Wem gehört dieser Garten?

Facebooktwitterredditpinterestlinkedinmail

“Wem gehört dieser Garten?” riefen wir.
“Niemand!” tönte es von hinter der Mauer.
“Wenn er niemand gehört, dann können wir getrost …” begann mein Begleiter.
“Lass nur, es ist ein alter Witz”, sagte ich. “Wer ist dieser Niemand”, rief ich, “ist es ein großer Herr?”
“Der größte! Es ist der König Niemand, der Herrscher von Überall!”
“Ah ja. Und wenn wir den Garten betreten, dann wird Niemand uns einkerkern, Niemand uns foltern und Niemand uns köpfen lassen, ist das so?”
“Das ist so! Es sei denn … ”
“Es sei denn was?”
“Es sei denn, ihr geht links um die Mauer herum bis zur Kasse und zahlt den Eintrittspreis!”
“Und der wäre?”
“Zwei Groschen jetzt und das erste, was euch beim Heimkommen entgegenläuft!”
“Also die Lieblingstochter!”
“Quatsch!” kam eine zweite Stimme. “Der Eintritt kostet den Verstand, nichts weiter!”
“Gibt es Ermäßigung?”
“Nur mit Ausweis, Kriegsblinde gratis!”
“Und was kostet der Ausweis?”
“Zwei Groschen jetzt und das erste, was euch beim Heimkommen entgegenläuft!”
“Und den Verstand!”
“Und das Leben!”
“Und den letzten Nerv!”
“Ich glaube, wir gehen lieber!” sagte ich laut zu meinem Begleiter.

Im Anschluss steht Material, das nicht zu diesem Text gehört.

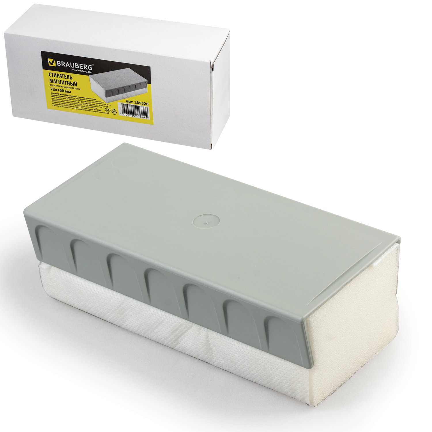 Предназначен для стирания надписей, сделанных маркером для белых досок. Оснащен магнитной пластиной для крепления к доске.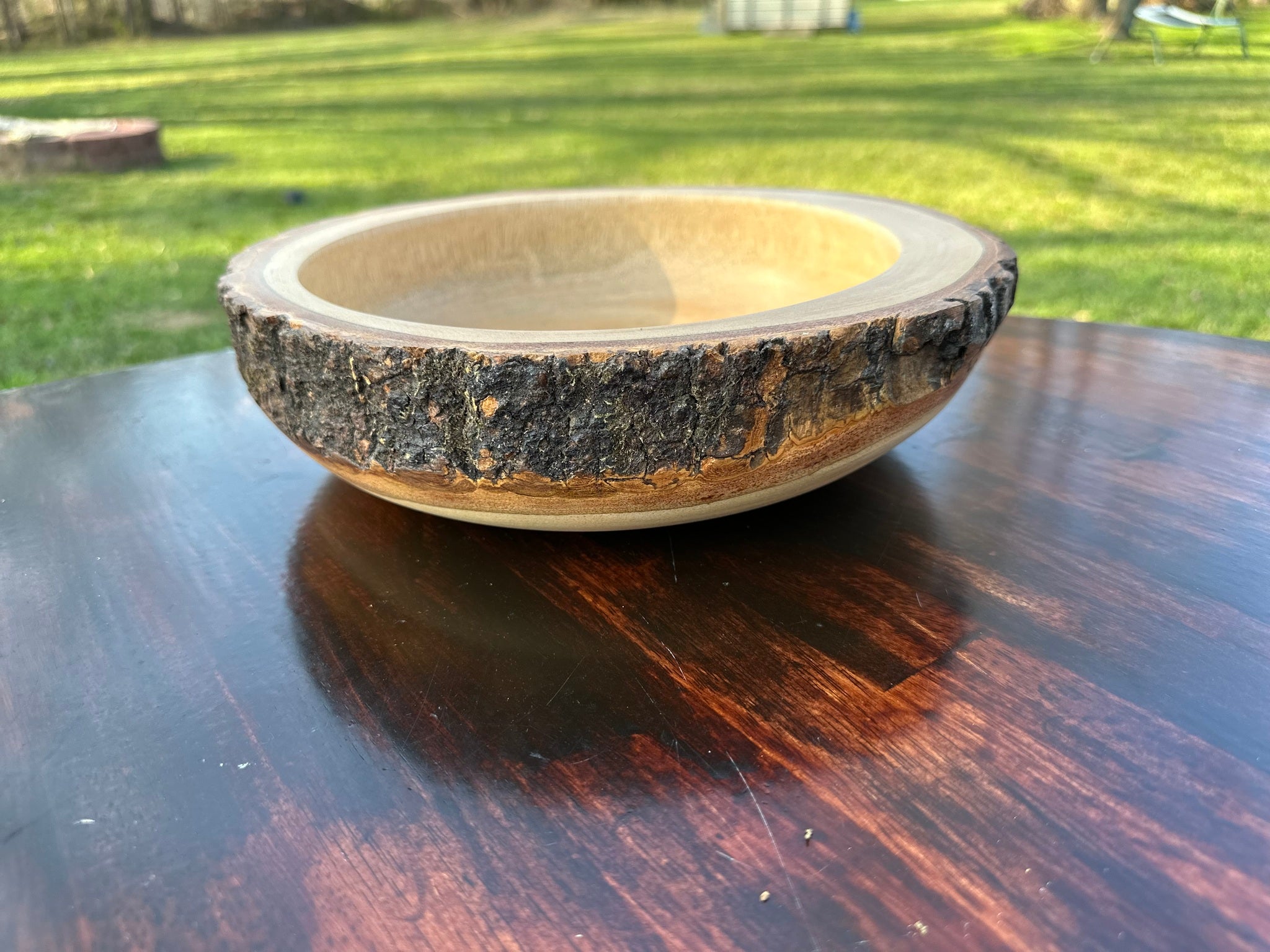This unique acacia wood bowl features a rustic bark edge, adding a natural and organic touch to your table setting. The smooth, polished interior contrasts beautifully with the textured bark exterior, showcasing the wood's raw beauty. Perfect for serving snacks, fruits, or as a decorative centerpiece, this bowl brings warmth and charm to any space. Crafted from durable, eco-friendly acacia wood, each piece is one-of-a-kind and perfect for both casual and formal settings.

“Zufällig haben wir heute eine Werbeaktion. Hier sind zwei Freikarten!”
Ein Stein flog über die Mauer und traf meinen Begleiter fast an der Schulter. Zwei Eintrittskarten waren mit Klebestreifen darangeheftet.

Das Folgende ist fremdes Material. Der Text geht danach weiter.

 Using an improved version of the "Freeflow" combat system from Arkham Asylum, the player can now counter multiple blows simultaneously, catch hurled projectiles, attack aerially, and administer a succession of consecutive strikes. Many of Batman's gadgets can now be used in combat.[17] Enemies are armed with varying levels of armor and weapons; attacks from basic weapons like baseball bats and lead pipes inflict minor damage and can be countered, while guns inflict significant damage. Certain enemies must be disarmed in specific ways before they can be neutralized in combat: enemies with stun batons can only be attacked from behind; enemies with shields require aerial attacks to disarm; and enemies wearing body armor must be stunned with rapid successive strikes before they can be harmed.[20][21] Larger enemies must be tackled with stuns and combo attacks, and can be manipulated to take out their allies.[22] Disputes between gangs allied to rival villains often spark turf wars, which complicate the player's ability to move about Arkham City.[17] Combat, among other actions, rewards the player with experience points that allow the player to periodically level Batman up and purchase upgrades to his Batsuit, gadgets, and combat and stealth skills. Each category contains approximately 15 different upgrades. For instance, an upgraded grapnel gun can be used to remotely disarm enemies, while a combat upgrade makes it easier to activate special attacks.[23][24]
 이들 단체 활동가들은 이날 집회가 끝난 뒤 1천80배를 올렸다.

“Und damit kommen wir hinein?”
“Damit kommt ihr herein!”
“Ohne geköpft zu werden?”
“Niemand wird geköpft!”
“Höchsten gerümpft!”
“Was soll denn das sein?”
“Man wird euch den Rumpf vom Kopf abschlagen!”

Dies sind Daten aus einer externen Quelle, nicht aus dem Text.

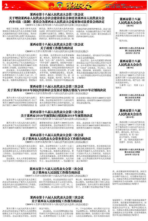 不辱使命,不负重托。1月27日,莱西市第十八届人民代表大会第三次会议圆满完成各项议程,胜利闭幕。...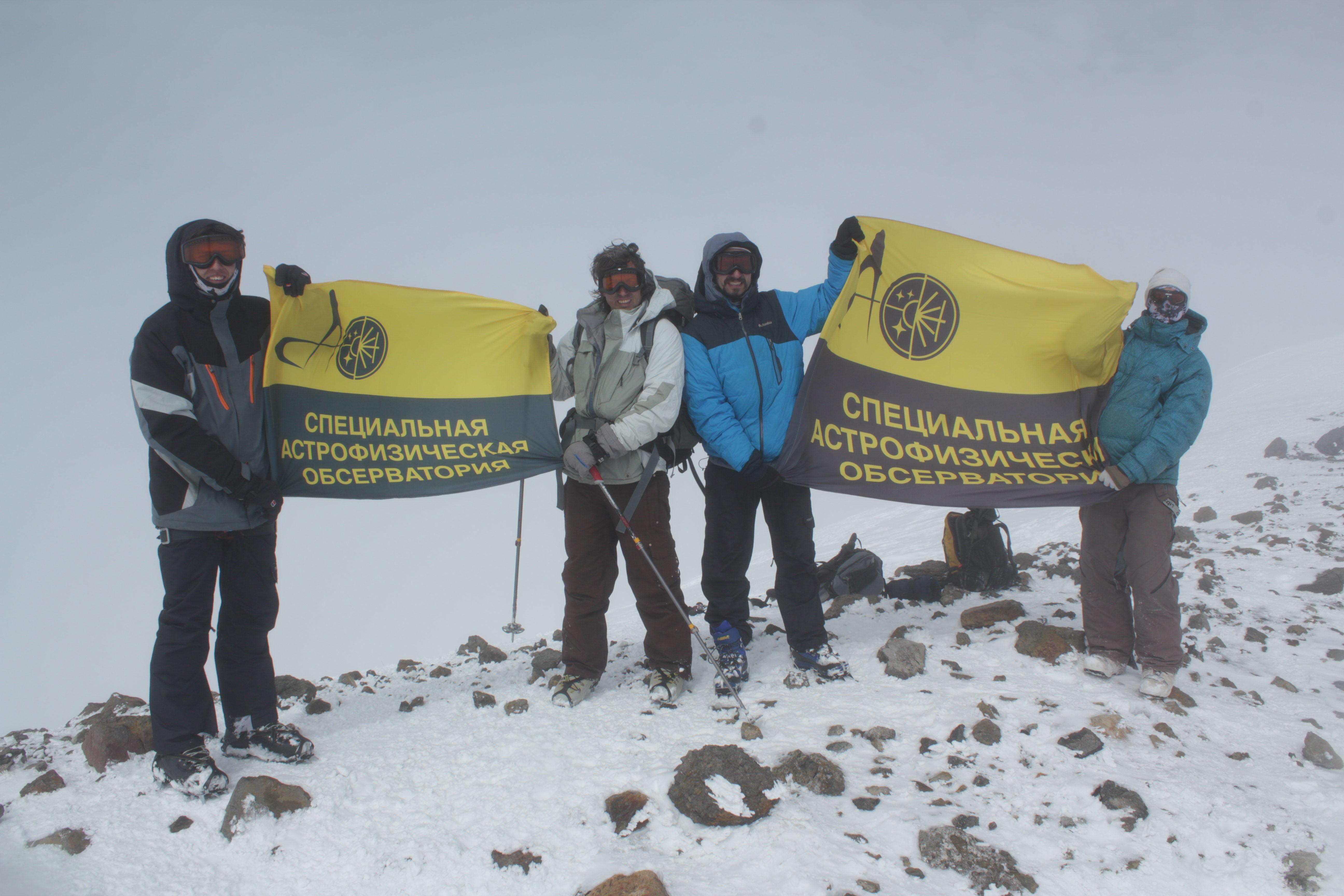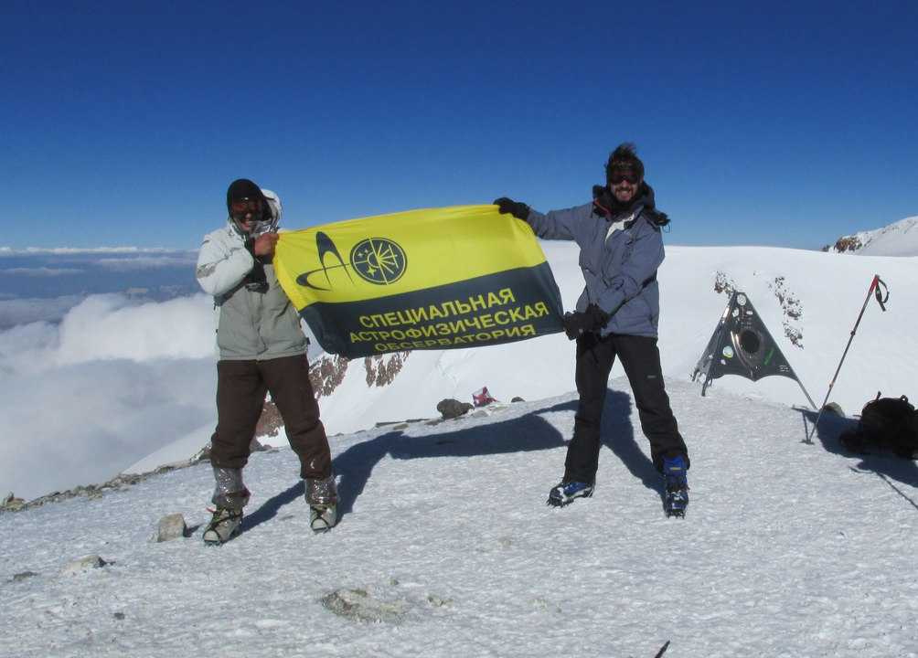 peak of Elbrus (5621 m a.s.l.) flying the observatory flags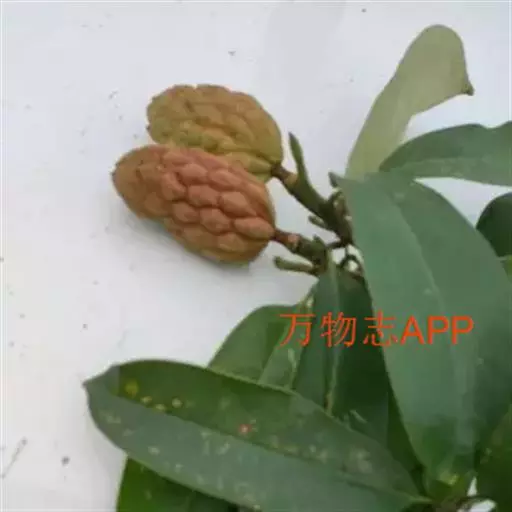 聚合果褐色,卵球形,长2-5厘米,蓇葖露出面有粗点状凸起,先端具长约1毫米的短喙;种子红色。花期5月,果期10月。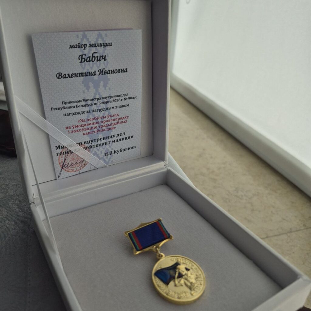 В объявленный Главой государства Год белорусской женщины, по инициативе Министра внутренних дел для многодетных матерей учрежден новый нагрудный знак МВД «За асабiсты ўклад ва ўмацаванне правапарадку i захоўванне традыцыйных каштоўнасцей». Нагрудный знак МВД Валентине Бабич вручил Министр внутренних дел Иван Кубраков.

Ein Stück Mauer wurde beiseite geschoben. Es war aus Pappe oder vielleicht aus Kunstharz und Glasfaser mit einem Zementanstrich. Eine kleine dicke Frau in einer schäbigen Livree und Turnschuhen lehnte es an den Teil der Mauer, der aus festen Steinen gefügt zu sein schien. Eine zweite Frau, die zur Livree noch eine Rokokoperücke mit Mozartzopf trug, unter der ihr eigenes graues Haar hervorlugte, schob ein Tischchen in die Öffnung und hängte ein Pappschild mit der Aufschrift “Kassa” daran.
Zwei Männer mit dunklen Brillen und weißen Stöcken kamen tappend heran. “Wir sind Kriegsblinde”, sagte der eine.
“Blind für welchen Krieg?”
“Für den nächsten!”
“Bitte eintreten. Aber das Betasten der Figuren ist verboten!”
“Figuren können wir sehen”, sagte der eine.
“Aber immer!” sagte der zweite. Sie nahmen ihre Brillen ab, klappten ihre weißen Stöcke zusammen und zwängten sich an dem Tischchen vorbei in den Garten.
“Der Eintritt kostet zwei Groschen jetzt und das erste, was euch beim …”, begann die Frau mit der Perücke.
“Wir haben Freikarten”, unterbrach ich sie und hielt ihr die Karten hin.
Sie untersuchte die Karten mit einer Lupe. “Die sind für gestern!” sagte sie. “Wollen Sie warten?”
“Ich glaube, wir haben noch etwas zu tun”, sagte mein Begleiter.
Die Frau ohne Perücke kam mit einer Glocke in der Hand und schlug mit einem Besenstiel daran. “Soeben ist es Gestern geworden. Wir beginnen sogleich mit der Führung. Die Teilnahme an der Führung ist gratis für Inhaber von Vollpreiskarten. Für Inhaber von ermäßigten und Freikarten kostet sie zwei Groschen jetzt und … ”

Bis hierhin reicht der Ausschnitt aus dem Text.